La psychose gagne lentement le couple. Tracy Letts, scénariste et auteur de la pièce dont le film est tiré, prend le temps d’exposer longuement la situation sociale désastreuse d’Agnes. Puis des grésillements se font entendre, bientôt suivis par des bruits d’hélicoptère - à moins qu’il ne s’agisse d’une hallucination sonore due aux pales du ventilateur accroché au plafond. 
Après l’apparition des premiers signes, l’intrigue se resserre rapidement autour des amants. La construction de l’espace filmique renforce cette impression d’être pris au piège. Bug débute en effet par des plans généraux du motel, filmé en plongée. Friedkin réduit ensuite progressivement le périmètre d’évolution des personnages. Le bar lesbien où travaille Agnes et les alentours du motel n’apparaissent plus. On note quelques plans rapides d’extérieur, mais l’action se déroule de plus en plus entre les quatre murs de la maison. Le huis clos devient total dans la dernière partie du film. Les personnages restent enfermés dans leur citadelle et empêchent le livreur de pizza et Jerry d’y entrer. Le seul individu qui parvient à s’introduire dans leur antre aseptisé le regrettera amèrement.

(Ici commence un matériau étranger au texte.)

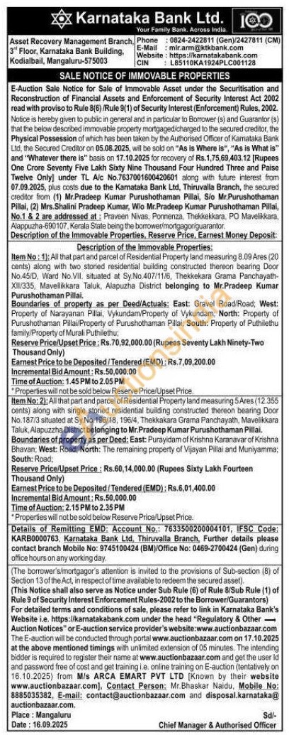 No: 2): All that part and parcel of Residential Property land measuring 5 Ares (12.355 cents) along with single storied residential building constructed thereon bearing Door No. 187/3 situated at Sy No. 196/18, 196/4, Thekkakara Grama Panchayath, Mavelikkara Taluk, Alapuzzha District belonging to Mr. Pradeep Kumar Purushothaman Pillai. Boundaries of property as per Deed: East: Purayidam of Krishna Karanavar of Krishna Bhavan, West: Road, North: The remaining property of Vijayan Pillai and Muniyamma; South: Road;
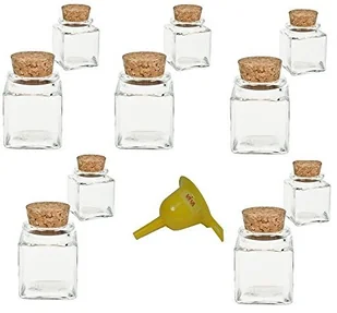 Viva Haushaltswaren G2080050/Set1/X Zestaw 10 mini szklanych butelek na przyprawy z korkiem 50 ML + żółty lejek

Bug, à l’instar de La nuit des morts vivants ou de Massacre à la tronçonneuse, prétexte par ailleurs l’horreur pour dresser une critique sociétale et passer en revue les grandes peurs de notre temps : la théorie du complot, les expérimentations scientifiques douteuses, le danger des produits chimiques ou radioactifs, l’avènement du règne des machines. Même la pizza devient une menace pour l’intégrité du corps - allégorie plus ou moins volontaire de la malbouffe. 

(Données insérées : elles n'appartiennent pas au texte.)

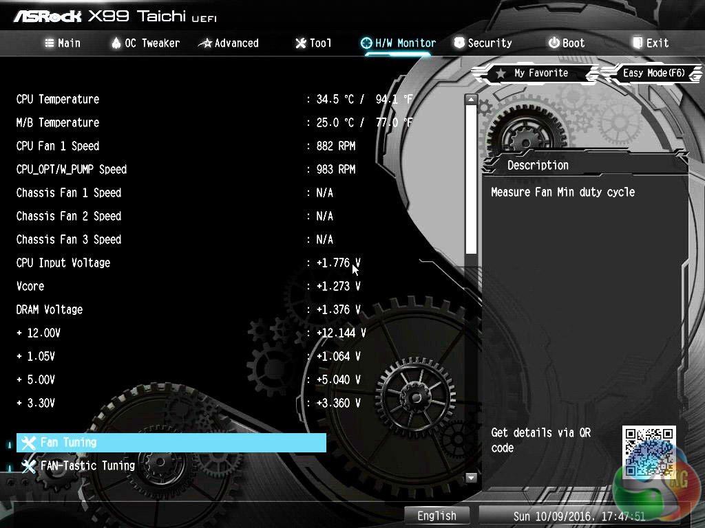 H/W Monitor provides ASRock's full range of temperature and voltage read-outs, the fan tuning utilities are also found here. Since the fan adjustments occur in real-time adjustments you can make changes and hear the difference without needing to save & exit or reboot to make further adjustments.

C’est ce grand délire anxiogène que dénonce le scénario, ou plutôt cette tendance contemporaine à délirer allègrement sur le monde. Peter s’invente ainsi toutes sortes d’ennemis pour confirmer son conspirationnisme international. Il détient autant d’imagination que l’administration républicaine qui l’a envoyé combattre dans le Golfe, à la recherche d’armes de destruction massive… 

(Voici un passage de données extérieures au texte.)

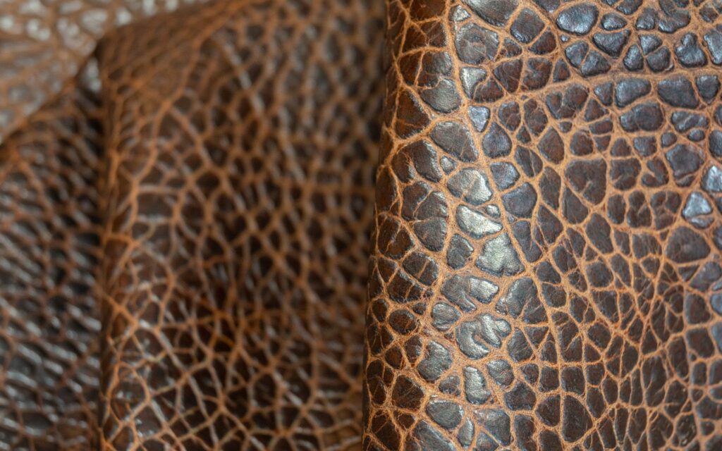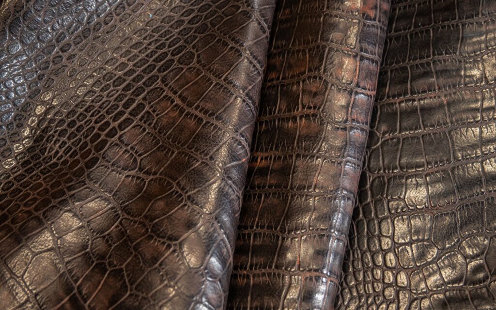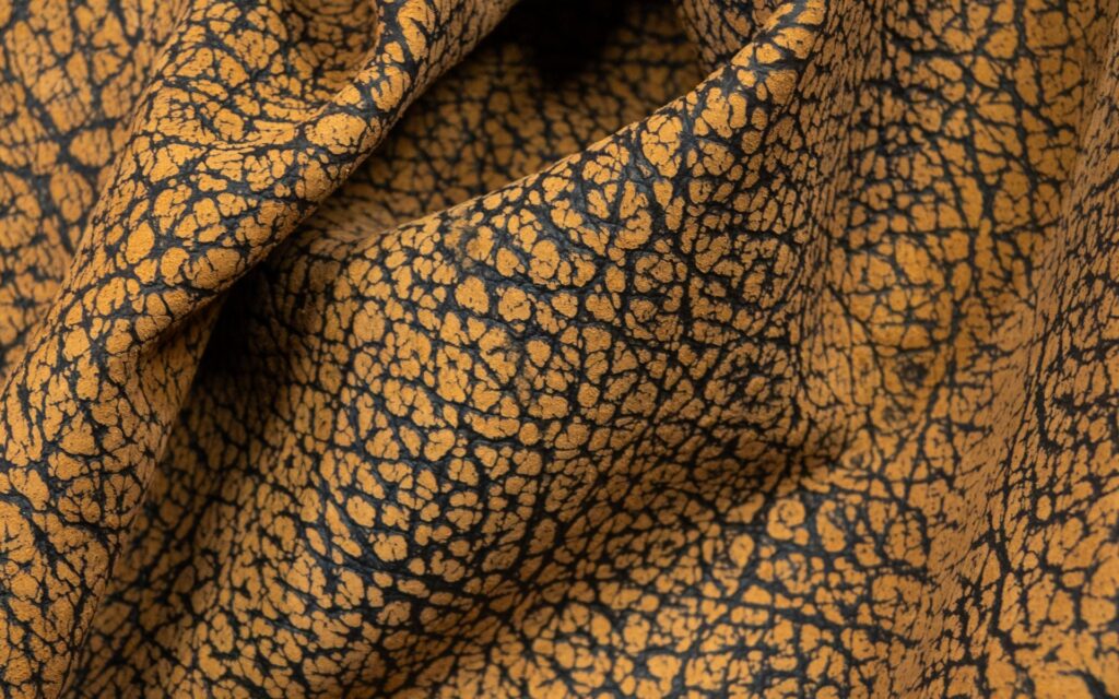 Cuero con diversos patrones que asemejan animales exóticos o formas diversas.

Pour le vétéran, le mal est inoculé par des corps étrangers – ici ce sont les insectes, ailleurs les immigrés – qui viennent sucer son sang. Sa partenaire accuse quant à elle la communauté lesbienne de l’enlèvement de son fils. L’autre devient la source du mal et son rejet témoigne du renforcement de la paranoïa dans les sociétés modernes. Le monologue final d’Agnes est sur ce point déroutant. Peter n’a même plus besoin de surenchérir. L’élève vient de dépasser le maître. Ensemble, ils se laissent emporter dans un tourbillon de folie destructrice. Rarement un film n’a dépeint avec tant de pertinence l’absurdité de la xénophobie, qui conquiert chaque jour davantage les territoires de la raison.

Aurélien Portelli

BUG
Réalisation : William Friedkin. Scénario : Tracy Letts. Photographie : Michael Grady. Interprétation : Ashley Judd, Harry Connick Jr., Lynn Collins, Michael Shannon. Genre : drame. Origine : Etats-Unis. Durée : 100 min. Sortie française : février 2007.